For Anglophone Cameroonians, this dissolution marked the beginning of systemic marginalization. The grievances that fueled the 2016 protests were not spontaneous; they were the culmination of decades of pent-up frustration over the erosion of their political autonomy, cultural identity, and economic opportunities.
The human cost of the war that has been going on now for nearly nine years is staggering. Beyond the recent soldier casualties, the conflict has claimed at least 6,500 lives according to the International Crisis Group. About a million others have been forced to flee their homes to escape indiscriminate violence, burning villages, and widespread human rights abuses committed by both sides.
There are legitimate fears that more violence lies ahead as the school year begins, given separatists have long made a school boycott a cornerstone of the separatist struggle, and as the country heads to a presidential election in October.
Already, separatists have imposed lockdowns, saying they want to disrupt the new school year as well as the October presidential poll.
“Apart from the Monday lockdowns [for long, separatists had imposed lockdowns in the two regions every Monday], the ‘boys’ have said that beginning Monday September 8 when schools reopened for the 2025/2026 academic year, the two regions will be on a complete lockdown until the election in October,” taxi man and Catholic Christian, Ernest Shu Tegha told Crux.
“How do I survive for over a month if I cannot work,” he said.
Catholic bishops in the two regions have continued to plead with the separatists to allow kids back in school.
Archbishop Andrew Nkea Fuanya told Crux that “it is unethical for Children to be used as a weapon of war.”
“We continue to plead that our children should be allowed to go back to school,” he said. Government officials have also been front and center in the effort to get kids back to school in the two regions.
“It is the right of every child to be educated; to have free, equitable and inclusive education,” said Dr. Asheri Kilo, the Secretary of State for Basic Education, in an interview of the Cameroon state broadcaster, CRTV.
“Why would anybody want to stop that,” she asked.
For some time, there had been an uneasy calm in both regions. In an exclusive interview on local Television channel, Equinox, Nkea said “a bit of social life has been returning to Bamenda.”

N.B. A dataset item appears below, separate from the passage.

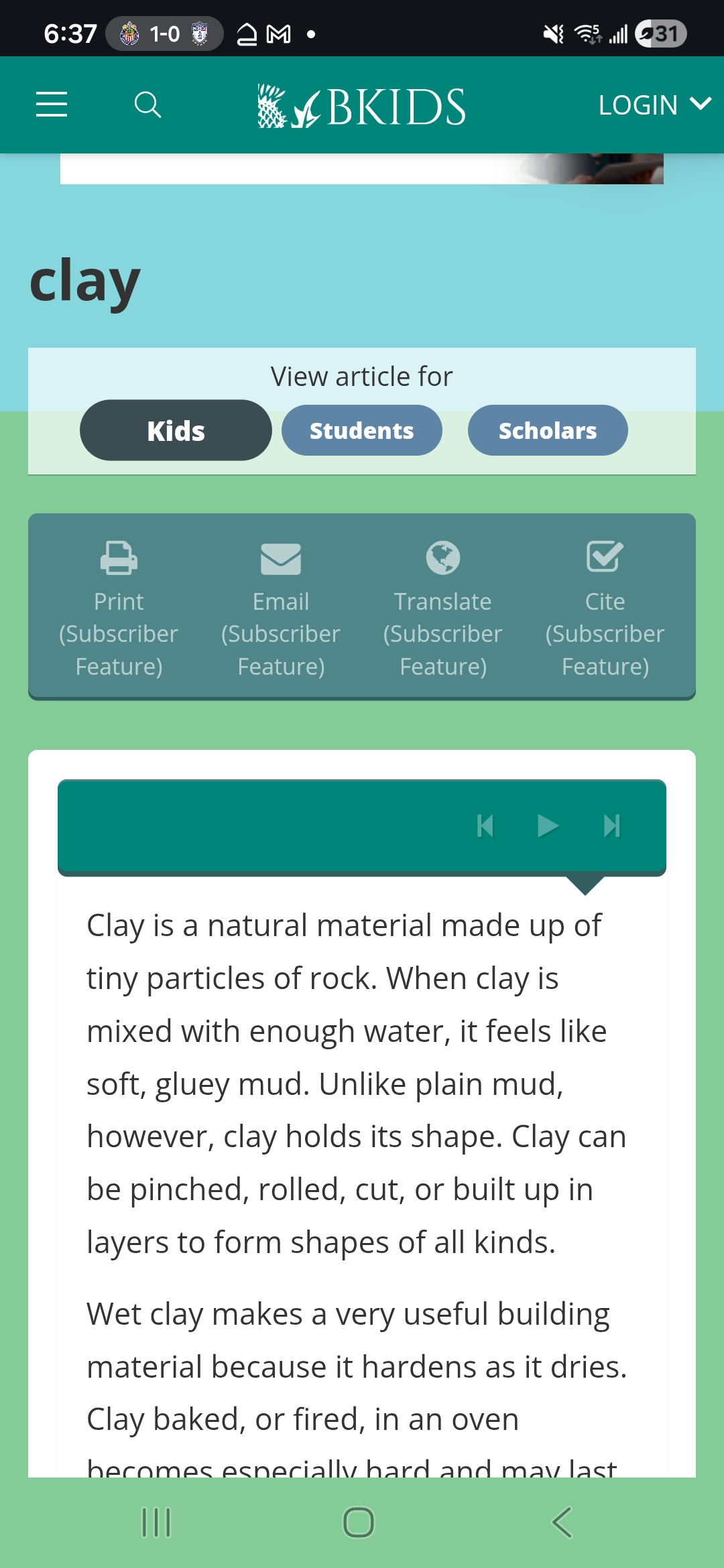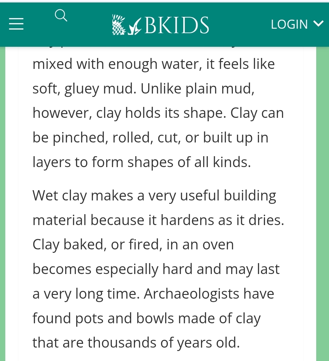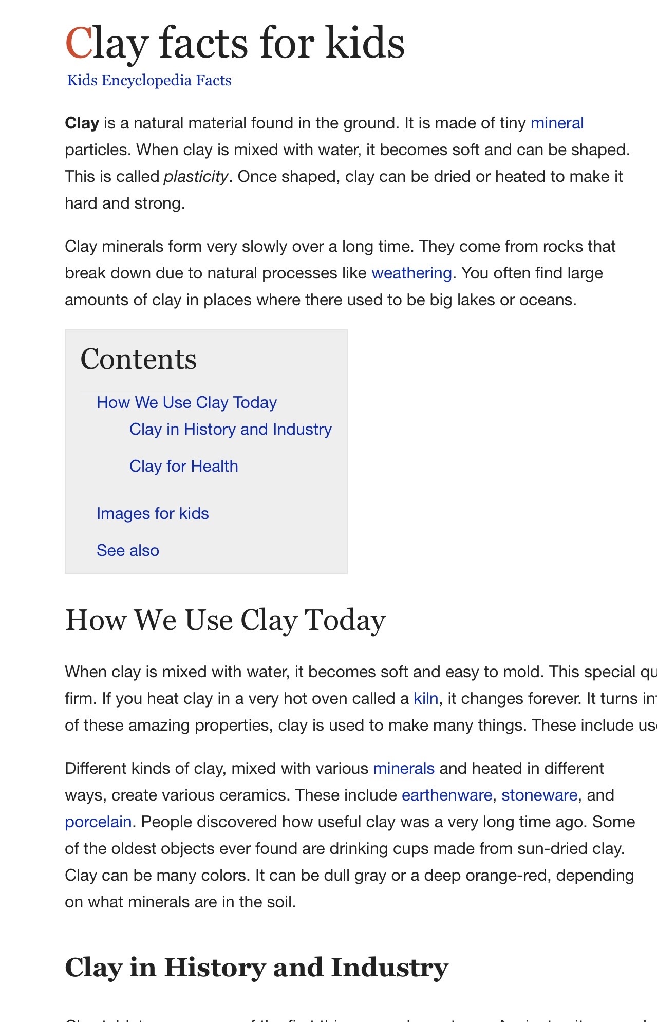 Clay is a natural material made up of tiny particles of rock. When clay is mixed with enough water, it feels like soft, gluey mud.

The archbishop said four years ago, the streets went quiet before 6 Pm every day. Today however, “you can see people drinking right up to ten PM. People are now free to organize funerals and weddings,” he said, but warned that such moments should not be confused with a return to peace.
“The situation is still very volatile,” Nkea said.
“I have made this distinction before. The fact that people are coming back, the fact that shops are opening more and more, the fact that people are beginning to celebrate funerals, more marriages openly and go right into the night does not explain the end of the crisis,” he explained.
“It is simply telling us that either people are getting used to the crisis or there is an uneasy detente. There’s an uneasy calm and we don’t know what can happen at any time. Let us not be deceived by social life returning to our communities and interpret that as the end of the crisis,” the archbishop added.
That warning is now materializing with the current lockdowns.